Chemical pollution and reproductive toxicity has a close association leading into a possible infertility. Testicular toxicity induced by chemicals is easy to evaluate since it has a pool of differentiating cells of different stages in the seminiferous epithelium. Most of the pesticide related preclinical studies have heavily dependent upon investigations on sperm density, abnormal sperm percent, reproductive hormone levels etc. Most of the toxins, in addition may affect the seminiferous tubular architecture, harmony as well as supporting cells such as Sertoli cells. Diazinon and its adverse sperm toxic effects are documented earlier but its effects on seminiferous tubules are less recorded. The present study was designed to evaluate the effect of oral administration of diazinon (6mg, 7.5mg and 10mg/kg body weight/day for 5 and 30days) on acetylcholine esterase activity, histological aspects of testes and seminiferous tubular morphometry (STD & SEH). Acetylcholine esterase activity was significantly decreased as a sign of toxicity, the dose tested. The STD and SEH were significantly decreased in all the 30days diazinon exposed groups. Histologically testes showed vacuoles, disruption and sloughing of basal germinal epithelium. This study confirms that diazinon disrupts cytoarchitectural components which may interfere with spermatogenesis.
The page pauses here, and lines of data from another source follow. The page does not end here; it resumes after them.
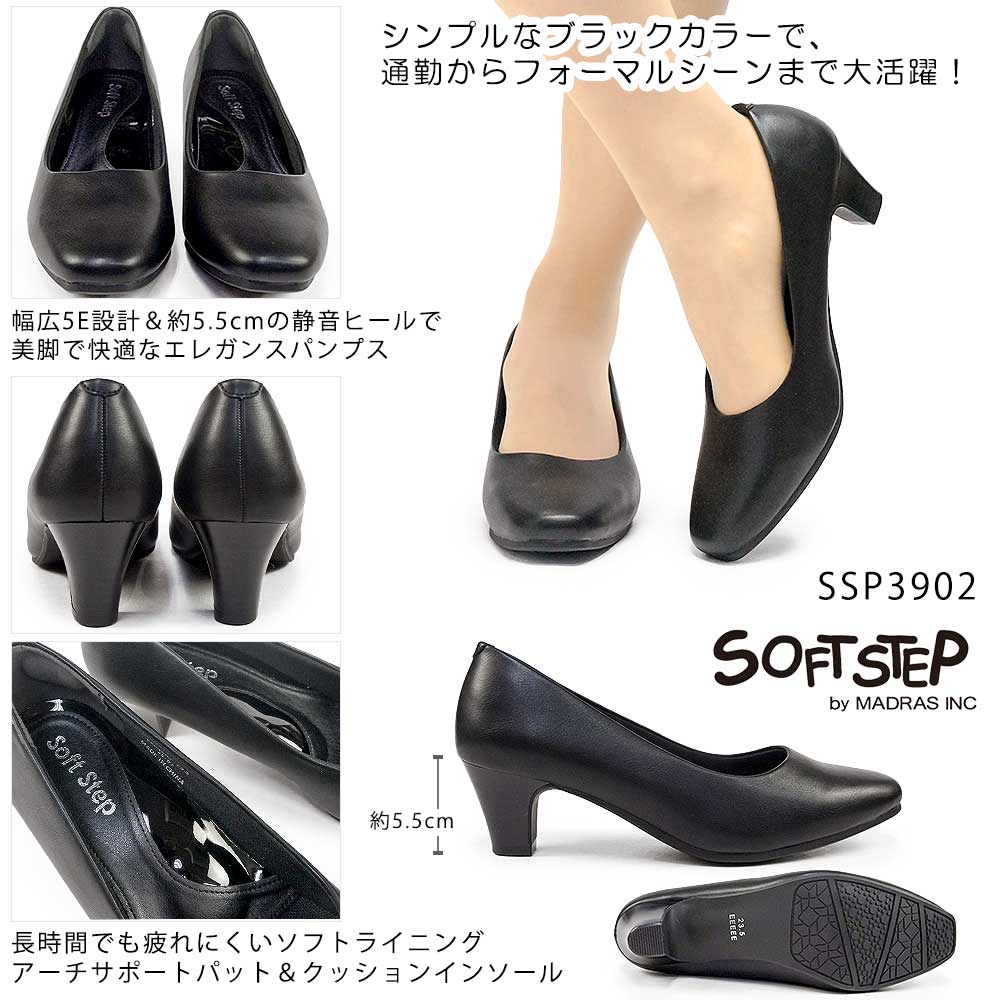 ギフト プレゼント 消音ヒール 軽量 クッション スクエアトゥ 黒 レディースパンプス ワイド 5E EEEEE 普段履き カジュアル ヒールパンプス 楽なパンプス 太めヒール 5cmヒール 通勤靴 仕事靴 アーチサポート madras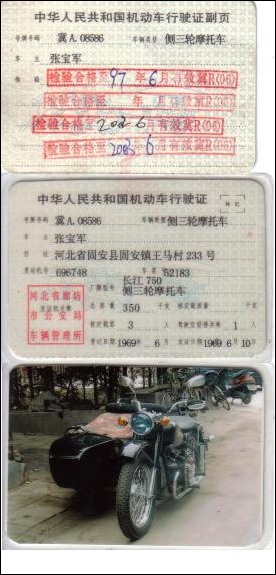 This is a Chinese registration for Andy's bike. The enlarged image shows all three pages. | ||||
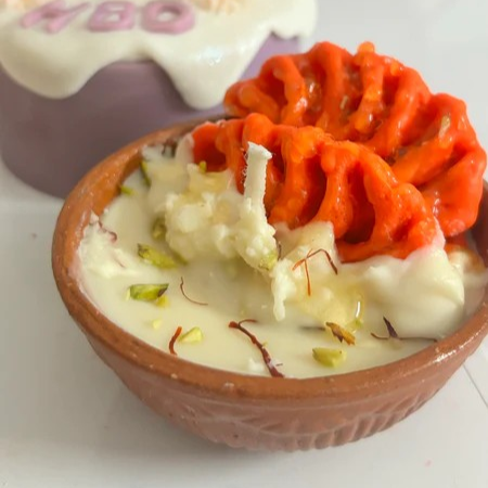 Indulge in the sweet, velvety aroma of Imarti Rabri, now in a candle!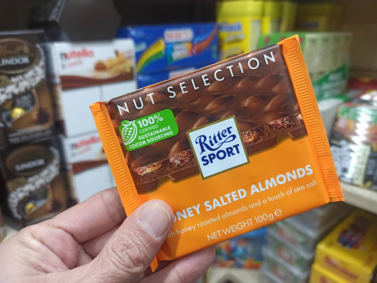 این شکلات ترکیبی از شکلات شیری با مغز بادام بو داده عسلی نمکی است که معمولا طعم را بهصورت ترکیبی از شیرینی و کمی شوری توصیف میکنند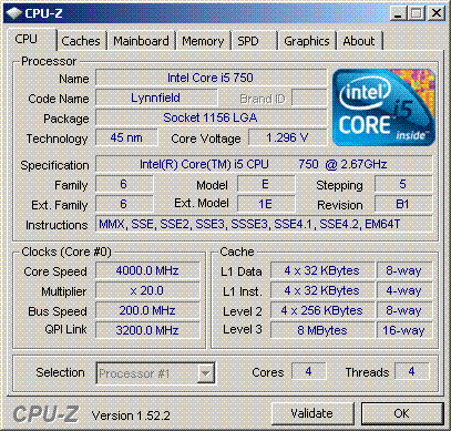 | Разгон, максимально стабильная частота (FSB x Ratio) | 4000 (200 x 20.0) |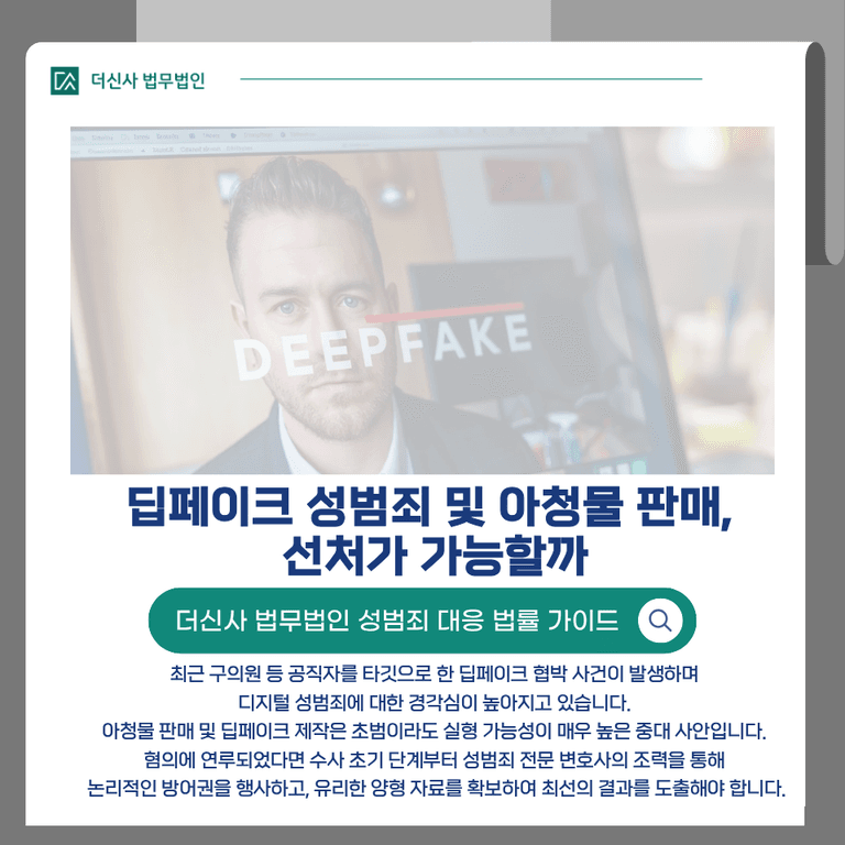 시작하기에 앞서, 딥페이크 합성물 제작 및 유포는 단순한 장난이 아닌 중대한 실형 선고 가능성이 매우 높은 범죄임을 명심해야 하며, 피해를 입으셨다면 즉시 성범죄 전문 변호사의 조력을 받아야 한다는 점을 안내해 드립니다.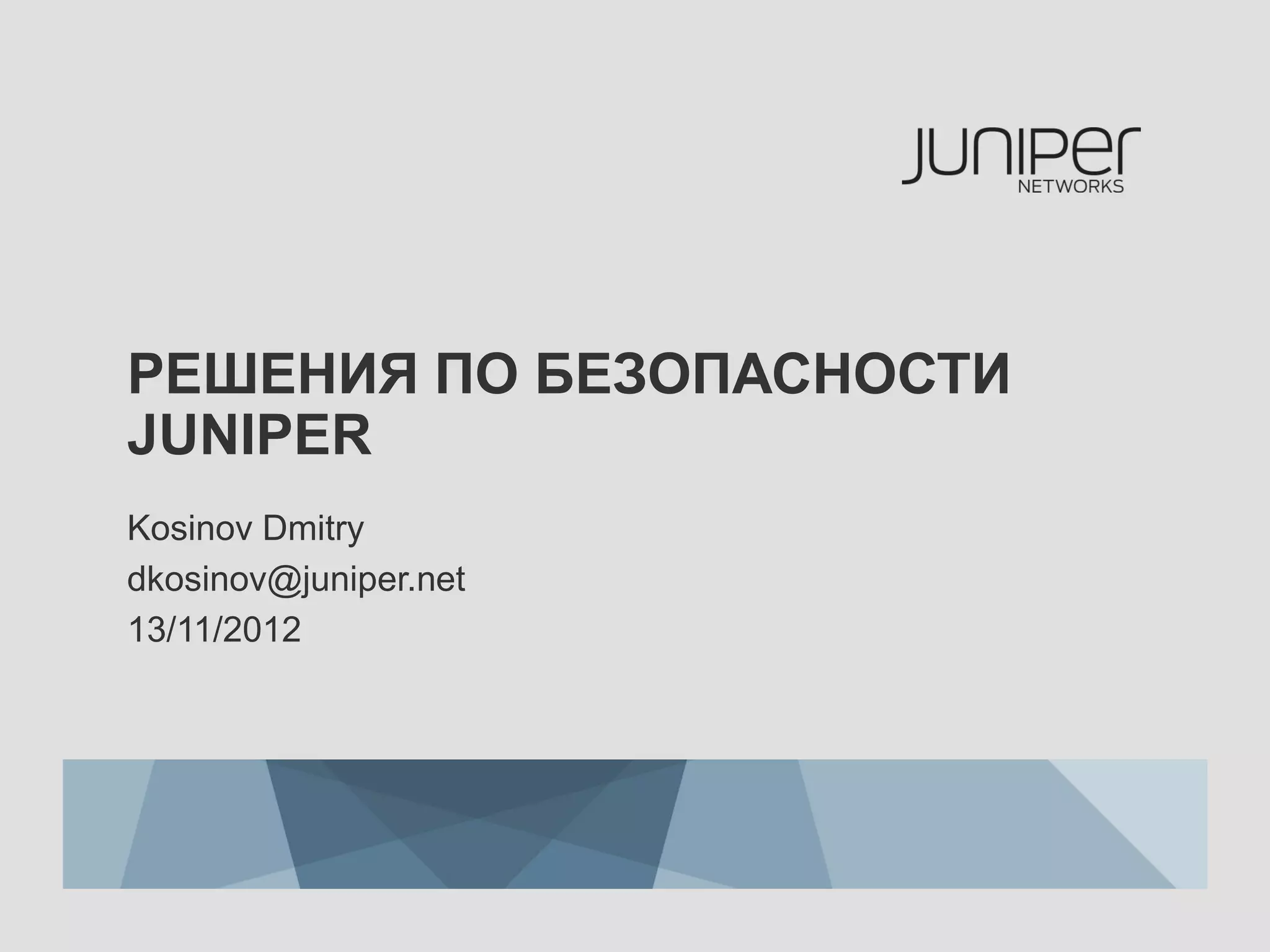 Документ описывает решения по безопасности от компании Juniper Networks, включая защиту корпоративной сети, ресурсов ЦОД и хостинг сервисов с использованием межсетевых экранов, контроля доступа и управления событиями безопасности. Juniper предлагает интегрированные end-to-end решения с высокой надежностью, производительностью и возможностью масштабирования для разных типов использования. Также в документе рассматриваются особенности защиты виртуальных сред и новые модули для обеспечения безопасности на уровне гипервизора.

Keywords: Diazinon Toxicity, Seminiferous Tubular Diameter, Seminiferous Epithelial Height

Article Outline

1. Introduction
2. Material and Methods
3. Experimental Groups and Treatment Shedule
4. Results
5. Discussion

1. Introduction

Organophosphorus insecticides (OPs) are widely used since few decades in agricultural practices and pest control in public places. Though they are known to cause environmental pollution and untoward health problem to the public at large, usage of pesticide is a general practice. Exposure to both animal and mankind occurs via food, water and inhalation leading to acute and chronic health problems and cases of human and animal poisonings were recorded1, 2. Global concerns raised in recent years over the potential health hazards that arise from exposure to chemicals are alarming. Most of the human systems are highly vulnerable to these chemicals and has resulted in central nervous system, immune, cardiorespiratory malfunctions. Epidemiological studies revealed that in the last 50 years the reproductive quality in human had been decreased with a threat to fertility3. Chemical pollution and testicular toxicity has been an issue of great concern in the last decades. In our previous reports we found a decline in sperm count with an increased sperm abnormality in rats exposed to low doses of diazinon. Diazinon and most of the other OPs have adverse toxic effects on reproductive system and they were known to inhibit cholinesterase activity4, 5. Though OP compounds are cytotoxic to the spermatogenic cell cycles, their untoward toxicity in the seminiferous tubular cell architecture is not reported so far. Hence the objective of the present study was to evaluate the serum cholinesterase activity to assess the toxicity and histological aspects of testis and seminiferous tubular morphometric and cyto-architectural components on exposure to low doses of diazinon.

2. Material and Methods

Diazinon (o, o-diethylo-2-isopropyl-6methylpyrimidine- 4-yl phosphorothioate) of 99% purity was generously provided by Devidayal Agro Chemicals Mumbai, India. LD50 of diazinon in rat is 300mg/kg. In this study, the doses used were 0mg, 6mg, 7.5mg and 10mg/kg body weight for 5 and 30days exposure duration in adult male Wistar albino rats.
Adult male Wistar albino rats (13 – 16 weeks old) weighing approximately 200 – 230 grams obtained from the K.V.G. Medical College, Sullia, D.K, animal house were used. The rats were maintained in polypropylene cages (29×22×14cm) with paddy husk bedding under the laboratory conditions of 28±2℃ temperature and 50±5/ humidity for two weeks for acclimatization. In each cage, maximum of three rats were housed to avoid any stress due to overcrowding. The rats had access to food and water ad libitum (laboratory pellets; Gold Mohur-Lipton India Ltd.). All the rats were in good health. Prior to administration of test substance (diazinon), rats were assigned to each group by randomization of body weights. All experimental procedures and animal maintenance were done under the guidelines of Institutional Ethics Committee for the use of animals in the experiment.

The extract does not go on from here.